Paul R. Ehrlich, an eminent ecologist and population scientist whose best-selling book, “The Population Bomb,” was celebrated as a prescient warning of a coming age of food shortages and famine but later criticized by conservatives and academic rivals for what they called its sky-is-falling rhetoric, died on Friday in Palo Alto, Calif. He was 93.
His death, at a nursing facility in the retirement community where he lived, was caused by complications of cancer, his daughter, Lisa Marie Daniel, said.
As a young professor of biology at Stanford University in the mid-1960s, Dr. Ehrlich was known for his absorbing lectures on evolution, in which he described what plants and animals faced on a planet stressed by industrial pollution and rapid population growth. He distilled those lectures into an article published in December 1967 in New Scientist magazine.
Six months later, encouraged by David Brower, the executive director of the environmental group the Sierra Club, to write a book on the subject, Dr. Ehrlich published “The Population Bomb.” In 233 pages, he asserted that the planet’s condition began to deteriorate rapidly in the 1950s, when the rate of population growth exceeded the increase in food production — or, as he put it, when “the stork passed the plow.” He called on couples to limit their families to one or two children.
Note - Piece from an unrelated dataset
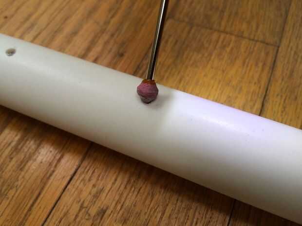 Ahora usted puede limpiar apagado seco borrar marcador sobre el tubo y usar un poco de lija para eliminar el exceso de la perforación.

Witty, knowledgeable and not at all reticent, Dr. Ehrlich gained a huge audience on television, especially on “The Tonight Show Starring Johnny Carson,” which he appeared on roughly 20 times. His forecast of food riots in the United States and of imminent global famines caused by escalating population growth found a worldwide readership.
One of the best-selling nonfiction books about the environment to date, “The Population Bomb” sold three million copies and transformed Dr. Ehrlich, who was 37 at the time, into one of the global environmental movement’s most recognized leaders. His influence motivated international governments to convene conferences on controlling population, and his message was heard in private homes across the industrialized world as couples conceived fewer children.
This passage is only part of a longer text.